Recorded data =

• • • • • • •

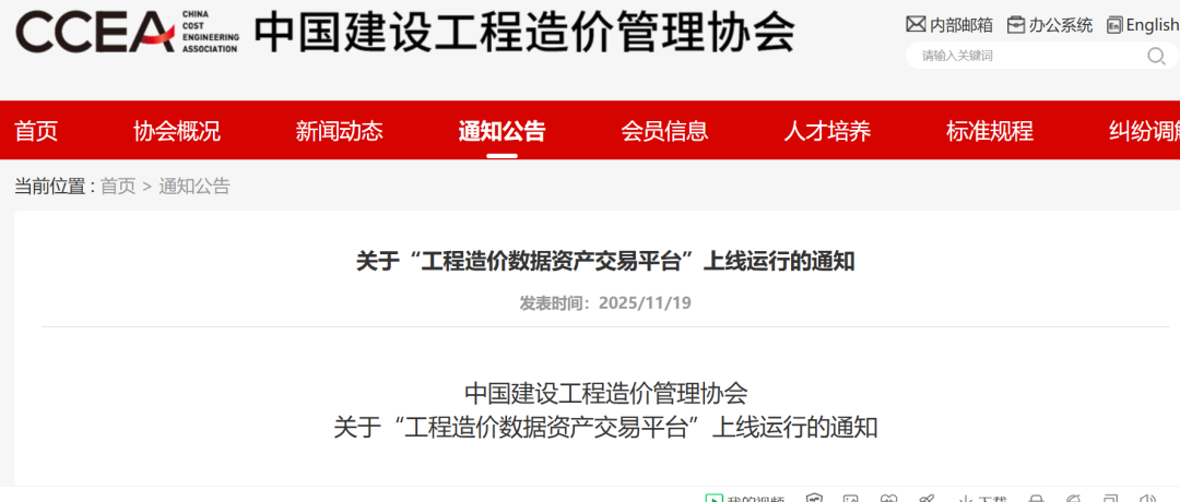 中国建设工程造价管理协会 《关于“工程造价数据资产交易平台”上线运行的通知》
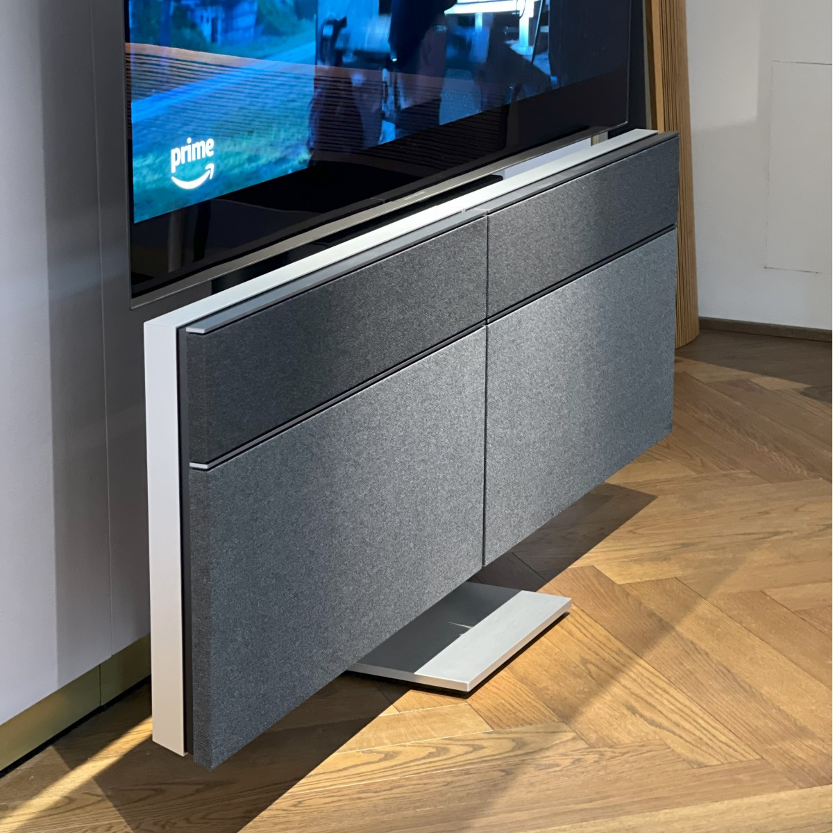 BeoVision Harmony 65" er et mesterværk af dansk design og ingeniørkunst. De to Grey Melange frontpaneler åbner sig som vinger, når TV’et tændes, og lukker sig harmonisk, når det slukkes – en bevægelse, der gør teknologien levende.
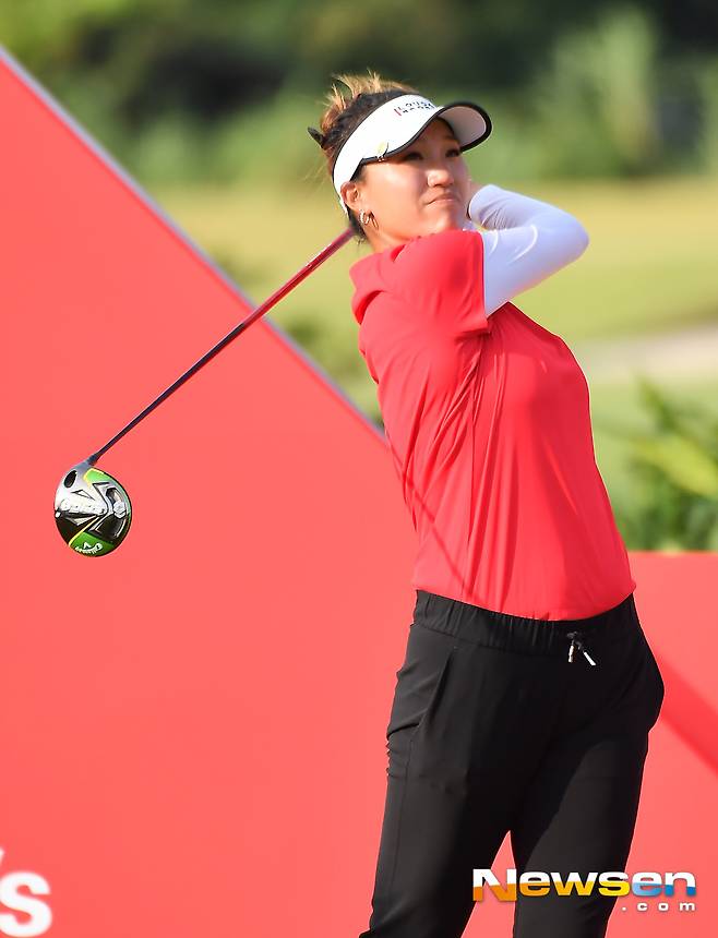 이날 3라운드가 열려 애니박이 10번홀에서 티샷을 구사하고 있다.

• • • • • • •

Exercise prompt =
No image belongs in the copy. Transcribe the full listing verbatim.

Response to this exercise =
 中国建设工程造价管理协会 《关于“工程造价数据资产交易平台”上线运行的通知》
 BeoVision Harmony 65" er et mesterværk af dansk design og ingeniørkunst. De to Grey Melange frontpaneler åbner sig som vinger, når TV’et tændes, og lukker sig harmonisk, når det slukkes – en bevægelse, der gør teknologien levende.
 이날 3라운드가 열려 애니박이 10번홀에서 티샷을 구사하고 있다.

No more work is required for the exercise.